Me neither. I`m assuming f11 is map coordinates, but I can`t find a referance on the edge of the map.


----------



## Carol

:lol:

Thats....just....wrong.  Cheesy and wrong.


----------



## Ken Morgan

sigh.....


----------



## Gary Crawford

I can handle cheesy and wrong...but I still don't get it!


----------



## Big Don

Gary Crawford said:


> I can handle cheesy and wrong...but I still don't get it!


If you use Windows, pressing and holding F11 toggles the picture back and forth between normal mode and full screen (kiosk) mode, thus making the picture of Hispaniola seem to shake.
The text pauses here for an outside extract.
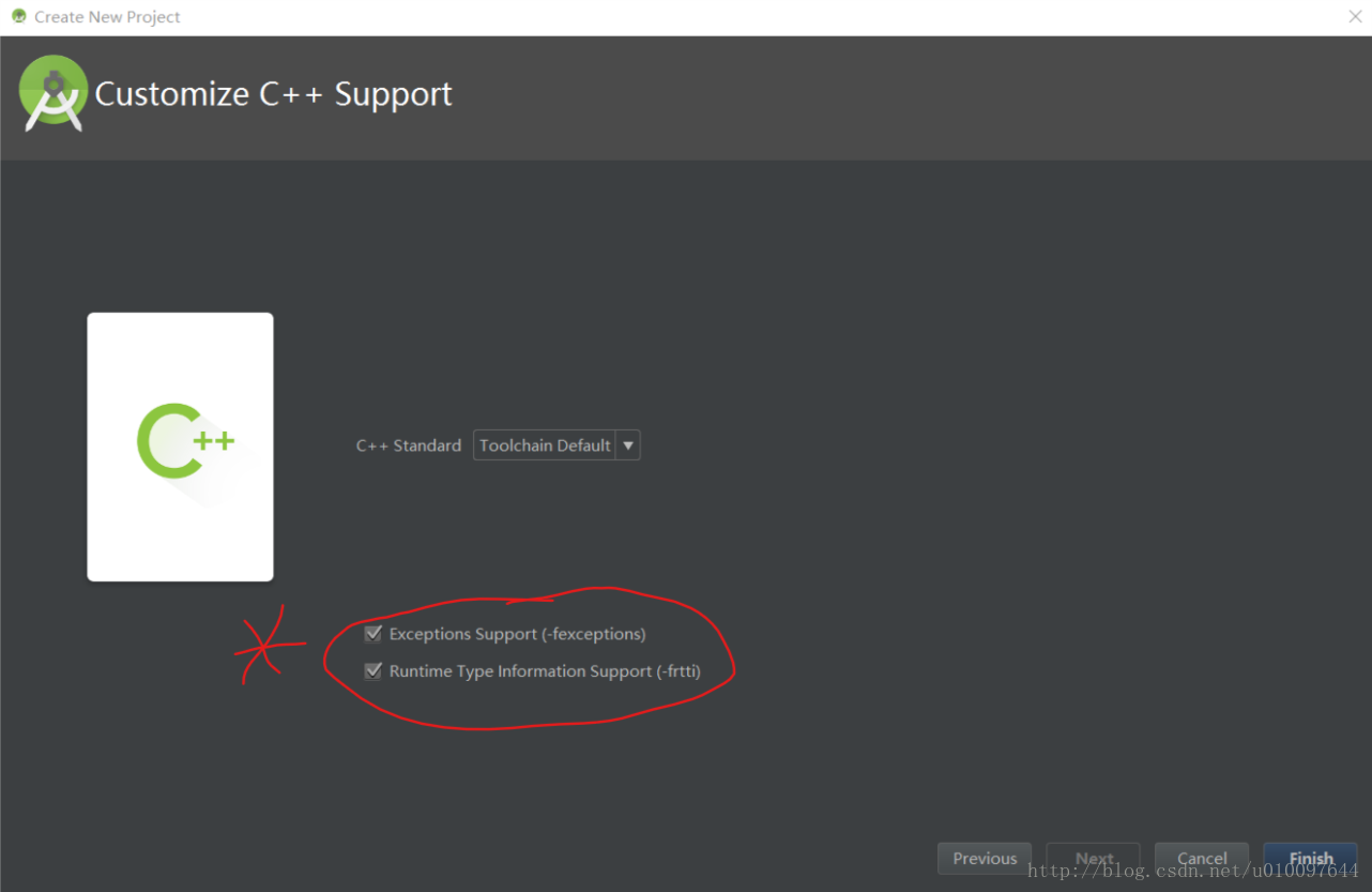 Exceptions Support:如果您希望启用对 C++ 异常处理的支持,请选中此复选框。如果启用此复选框,Android Studio 会将 -fexceptions 标志添加到模块级 build.gradle 文件的 cppFlags 中,Gradle 会将其传递到 CMake。

Haiti... shake... earthquake... Bueller...


----------



## Xue Sheng

Carol said:


> Thats....just....wrong. Cheesy and wrong.


 

What Caroll said


----------



## MA-Caver

Xue Sheng said:


> Carol said:
> 
> 
> 
> :lol:
> 
> Thats....just....wrong.  Cheesy and wrong.
> 
> 
> 
> What Caroll said
Click to expand...


What Carol and Xue said...


----------



## Gary Crawford

I like it!!! Lol!!


----------



## Flea

_Ruuuuuuude!!_  :lol:


----------



## Big Don

Flea said:


> _Ruuuuuuude!!_  :lol:


Well, yeah...


----------



## fireman00

I love a warped sense of humor.


----------



## Big Don

fireman00 said:


> I love a warped sense of humor.


I try


----------